Take a sad song, make it better, invite some friends

By Chuck Sigars | Jul 18, 2018

We should all be up to date on 1968 by now, I think. The half-century mark has inspired quite a few articles, news shows and podcasts on how our world and country have changed, what happened then and what it’s like now.

It was an eventful year, although I’m not the one to ask. I was in elementary school, and my memories are dusty. I vaguely knew there was a war in Vietnam, riots in cities, and political assassinations that hushed rooms of grown-ups, but a 10-year-old will focus on other things.

I do remember conflict, though, particularly in the culture, and “The Generation Gap” was discussed and debated and mocked on “Laugh-In.” The times they were a-changin’, and some folks didn’t care for it at all.

I witnessed this firsthand, in 1968, when I went with my brother to buy a Beatles record. He’s a couple of years older, so I tended to follow and watch, and he bought the album at a grocery store. It was a couple of years old by then, something a pre-teen with a reasonable allowance could afford, and the man checking us out sneered at it and us.

“I don’t know a single song on this!” he crowed to the other adults, holding the album up in the air as an object of disdain, a sign of the times, an example of the shallowness of pop culture.

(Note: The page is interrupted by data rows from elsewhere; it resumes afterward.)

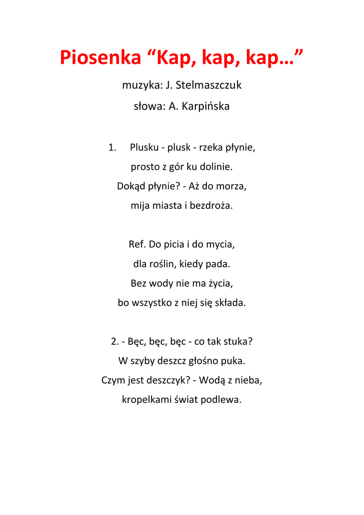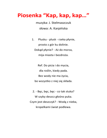 Piosenka “Kap, kap, kap…” muzyka: J. Stelmaszczuk słowa: A. Karpińska 1. Plusku - plusk - rzeka płynie, prosto z gór ku dolinie. Dokąd płynie? - Aż do morza, mija miasta i bezdroża. Ref. Do picia i do mycia, dla roślin, kiedy pada. Bez wody nie ma życia, bo wszystko z niej się składa. 2. - Bęc, bęc, bęc - co tak stuka? W szyby deszcz głośno puka. Czym jest deszczyk? - Wodą z nieba, kropelkami świat podlewa. Ref. Do picia i do mycia… 3. Kap, kap, kap - co tak kapie? Chlap, chlap, chlap - kto tak chlapie? Bul, bul, bul, bul - skąd te dźwięki? O, już słyszę - to z łazienki! Ref. Do picia i do mycia... Piosenka - Krakowiak „Płynie Wisła, płynie” – Słowa: Edmund Wasilewski Płynie Wisła, płynie Po polskiej krainie, (bis) Zobaczyła Kraków, pewnie go nie minie. (bis) Zobaczyła Kraków, Wnet go pokochała, (bis) A w dowód miłości wstęgą opasała. (bis) Chociaż się schowała W Niepołomskie lasy, (bis) I do morza wpada, płynie jak przed czasy. (bis) Nad moją kolebą Matka się schylała, (bis) I po polsku pacierz mówić nauczała. (bis) PRZEBIERANKOWA ŚPIEWANKA Tekst: Edyta Wolica Już za chwilę bal się zacznie, Pędzi z miotłą czarownica, Biegnie kowboj z policjantem, Kim ja jestem? – tajemnica! Ref.: Bal, bal, bal, wspaniały bal, Karnawał już puka do drzwi, Bal, bal, bal , przebierańców bal, Każdy co noc o nim śni... Może jestem klaunem małym, Najśmieszniejszym w całym świecie, Może jestem królem śmiałym? – Tego nigdy nie zgadniecie... Ref.: Bal, bal, bal, wspaniały bal, Karnawał już puka do drzwi, Bal, bal, bal , przebierańców bal, Każdy co noc o nim śni... Może jestem jaskiniowcem, Albo może kominiarzem, Gdy się tylko zdecyduję, Zaraz wszystkim się pokażę... Ref.: Bal, bal, bal, wspaniały bal, Karnawał już puka do drzwi, Bal, bal, bal , przebierańców bal, Każdy co noc o nim śni... „Zuzia lalka nie duża” Zuzia lalka nieduża I na dodatek cała ze szmatek W kratkę stara spódniczka Łzy na policzkach A w główce marzeń sto Refren: Lecz kocham ją najbardziej ze wszystkich moich lal Choć nie ma sukni złotej Zabiorę ją na bal Zuzia lalka nieduża płaszczyk za krótki Zbyt duże butki Fartuch biały z kieszonką w kieszonce słonko A w główce marzeń sto Refren: Lecz kocham ją najbardziej ze wszystkich moich lal Choć nie ma sukni złotej Zabiorę ją na bal. Zuzia lalka niewielka Bródka malutka Nos jak muszelka Oczy ma jak pięć złotych wełniane loki a w główce marzeń sto.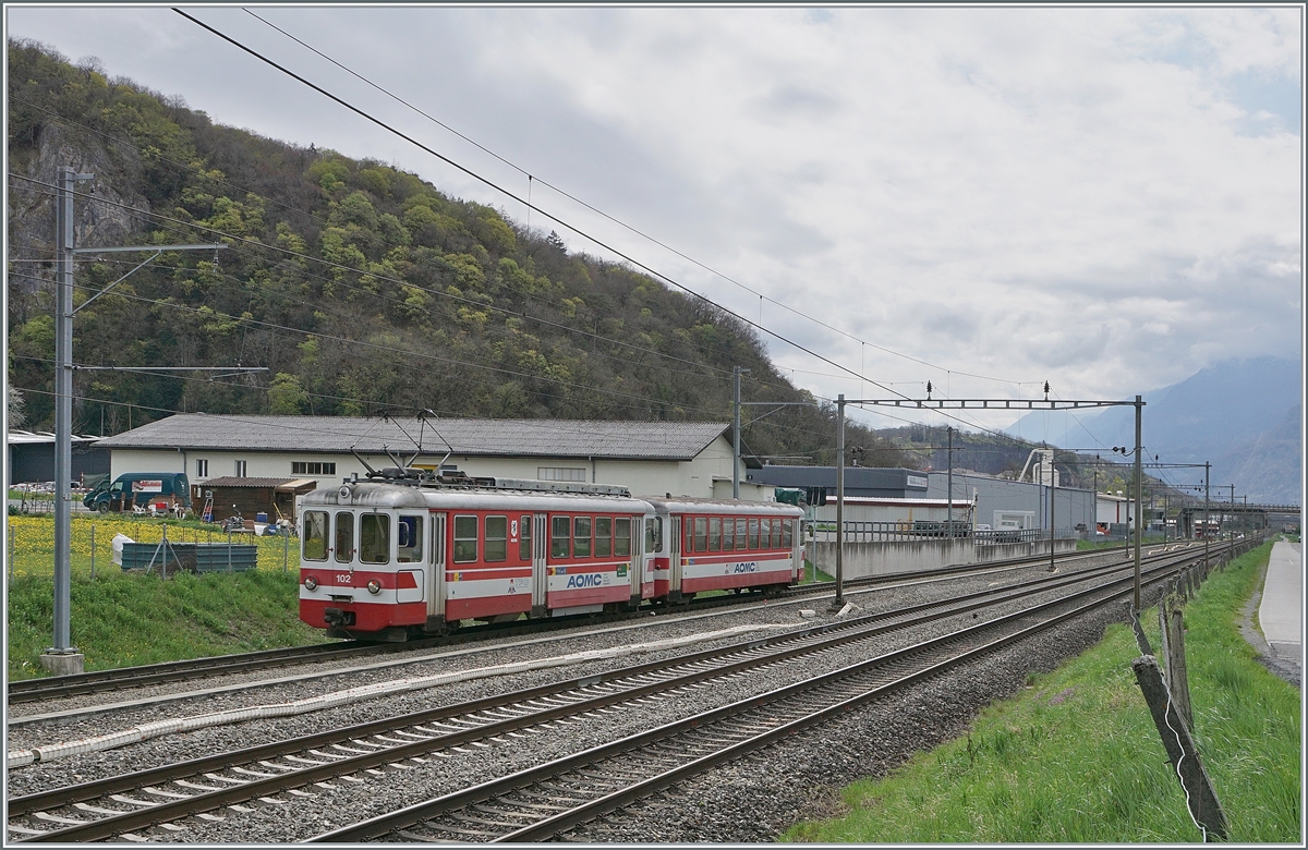 Ab dem 25. April 2016 wird die AOMC für einen freizügigeren Fahrzeugaustauch den übrigen TPC Strecken (AL/ASD) angeglichen, und somit sind die Einsätze des ex Birsigtal BDe 4/4 wohl schon Vergangheit. Hier verlässt der BDe 4/4 N° 102 mit seinem Steuerwagen als Regionalzug 144 den Halt Aigle Hôpital.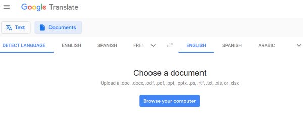 Google Translate can also convert your doc files for you. When you land on the Google translate page, you will see two tabs above the translate box, one for text translation and second for document translation. This can be seen in the above screenshot as well. Select the document tab and you will be shown what all types of documents it supports right inside the translate box. The document formats it supports are .doc, .docx, .odf, .pdf, .ppt, .pptx, .ps, .rtf, .txt, .xls, and .xlsx. Notice that doc and docx are supported. Click on browse your computer button. From the browse window select a doc file which you would like to translate.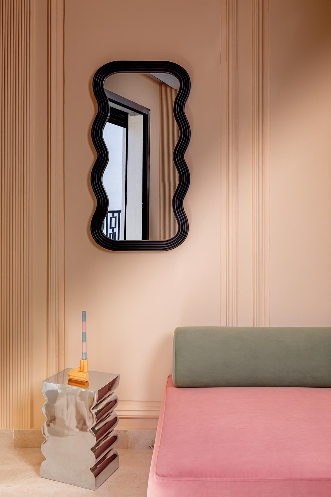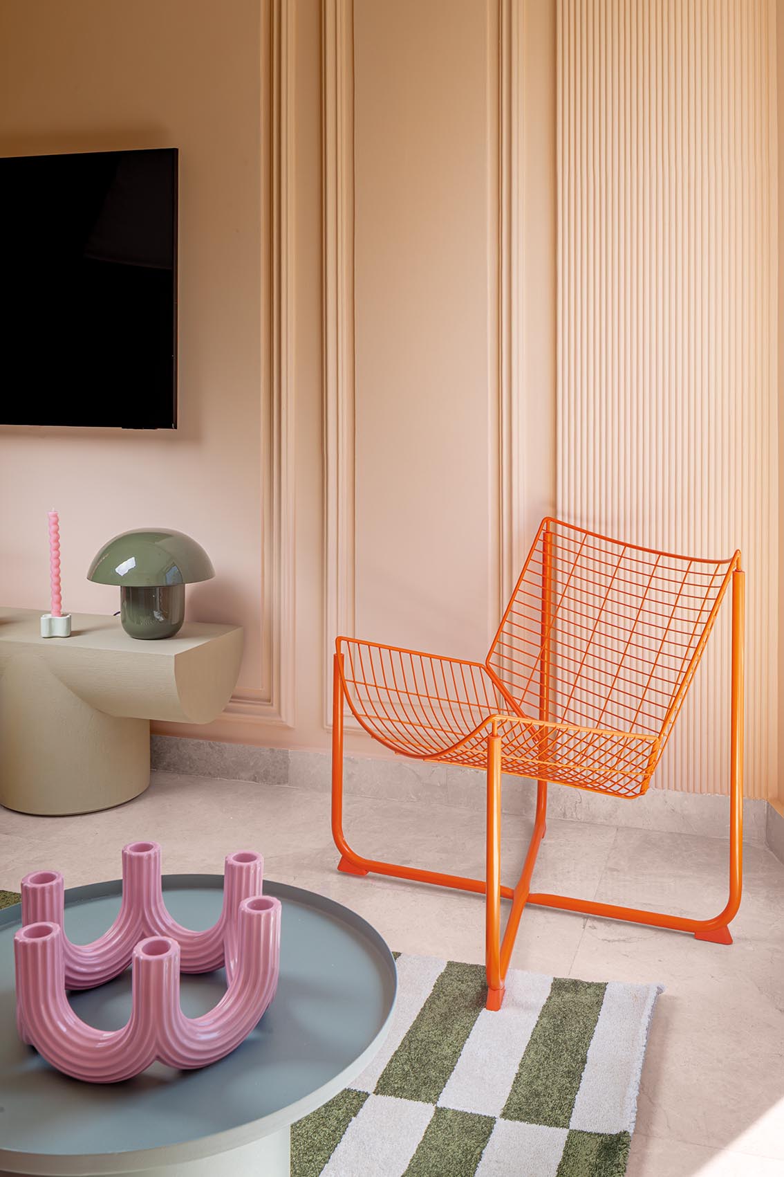ous sommes partis d’un principe simple : optimiser un appartement destiné à la location tout en lui donnant une identité forte et lisible. La palette s’est imposée d’elle-même. Le rose et le vert créent une dynamique contemporaine, tandis que les matières apportent de la profondeur. L’idée était de rendre l’espace fonctionnel, agréable, sans perdre en caractère.

So I understood, and I never forgot. This man was whistling past the graveyard, I knew, trying hard to pretend the world wasn’t changing when it so obviously was. Every song on that album is now a classic, obscuring whatever music this guy thought was appropriate.

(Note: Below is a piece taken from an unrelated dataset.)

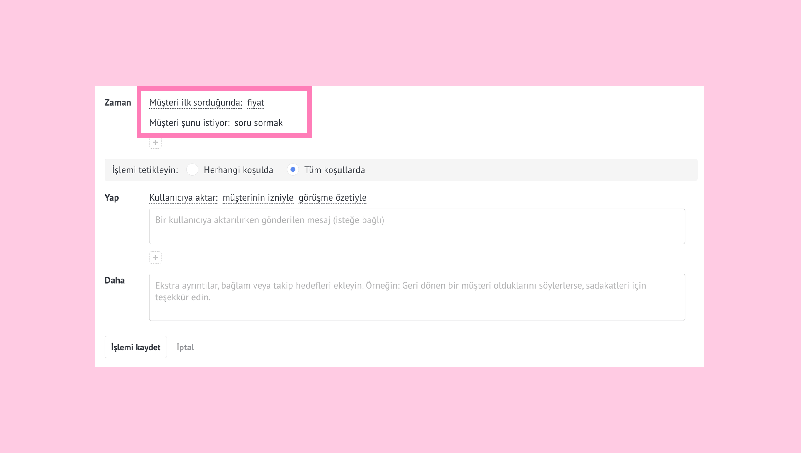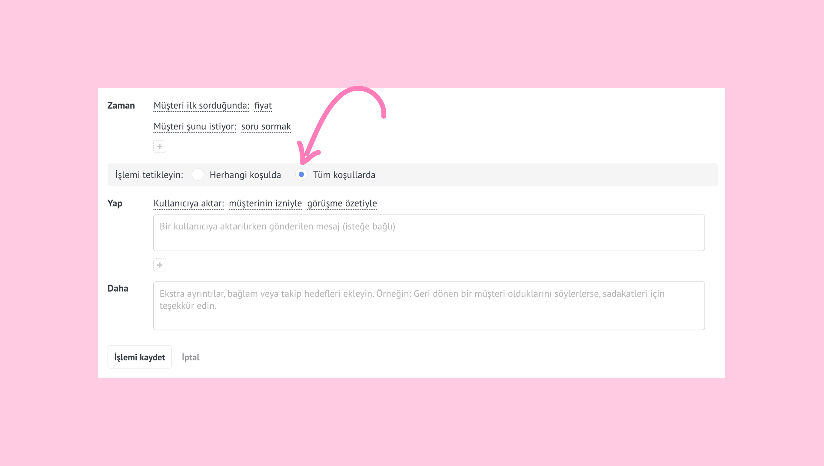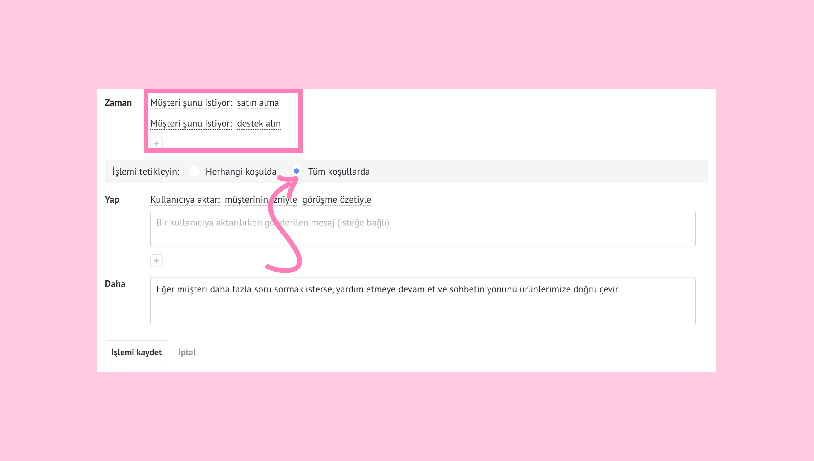 Tüm koşullar karşılandığında eylemi tetiklemek için aşağıdaki seçeneği seçin. Bu, müşteri ilk satın alma niyetini gösterdiğinde ve satış öncesi bir soru sorduğunda eylemin çalıştırılmasını sağlar.

I think about this a lot, particularly when I’m tempted to dismiss something I consider a fad, a blip on our cultural radar. And I thought about it last week, specifically.

I was serving as a de facto social director for a group of friends, and I’d planned an evening of music and ice cream. There was really no bad way for this to end up, even though I’m probably not anyone’s first choice as a DJ.

My playlist for the evening, carefully curated by letting YouTube pick the songs, featured Queen, the Andrew Sisters and the theme from “Ghostbusters.” The ice cream was really good.

I also tossed in a few popular videos, and that’s where I’m heading. I included the James Corden-Paul McCartney clip from one of Corden’s “Carpool Karaoke” episodes, in which the two of them drive around Liverpool on the wrong side of the road and sing Beatles songs.

I assumed most of my audience had seen the video, although there were enough blank looks that I realized I was wrong. It’s fairly long, and I worried a little. The ages of our little group ranged over 70 years, from little kids to old people.

Now I will rephrase, since I am, in a technical sense only, an old person. There were children, who seemed mildly entertained, and there were white-haired people who, I eventually realized, could have been teenyboppers screaming at Shea Stadium in 1966.

There were fewer tattoos than titanium hips in that room, on that night, and the place was rocking. Everybody loves Sir Paul.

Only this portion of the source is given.